Wallace picked up one of the receipts, glanced at it, and pushed it back to John.
“I picked up a prisoner, so what?”
“You knew who you were picking up at the prison?”
“I go where they tell me to go and pick up who they tell me to. Simple as that.”
“And you picked up Sherman six times over the last year?”
“If you say so.”
“According to the prison records, you were the only transport officer to pick up Sherman for his court appearances. Is that unusual?”
Wallace shrugged.
“So what? Prison inmates go out to court all the time,” Parker said.
“How’s that work exactly?” Paula asked.
“The court issues an order for removal, and the sheriff’s department picks them up,” Parker responded.

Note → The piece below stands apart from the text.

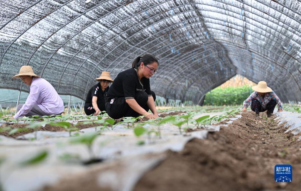 8月16日,余青青(左三)和工人一起在樅陽(yáng)縣青園心家庭農場(chǎng)的大棚內除草。
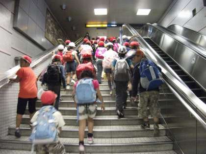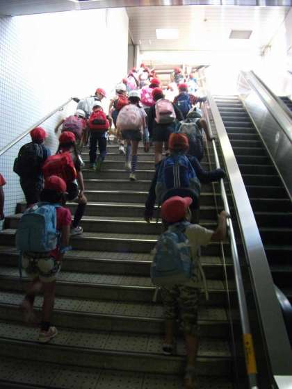 地下を走る電車は,地上に出るために階段が必要になります。家族と乗る時はエスカレーターを使っているのでしょうね。疲れた足腰に階段が立ちはだかりました。

“That’s right. Except, in this case, all the removal orders from the court were fakes. There were no court appearances, and Sherman was never booked into the jail for holding. So how’s that work?” Paula glanced from Parker to Sergeant Wallace.
“I just transport who they tell me to. It ain’t my job to call the court and see if they still need them or not,” Wallace said.
“So where did you and Sherman go? You didn’t book him into jail. So was it a nice romantic moonlight drive?” Paula said.
“I pick ’em up and drop ’em off. If someone’s telling you they don’t have any booking record, then that’s on them, not me.”
“Where is Sherman?”
“How the hell would I know?”
“Because you picked him up from the hospital and took him to your place,” Paula said.
“As a favor.”
“I thought you didn’t have anything to do with him,” John said.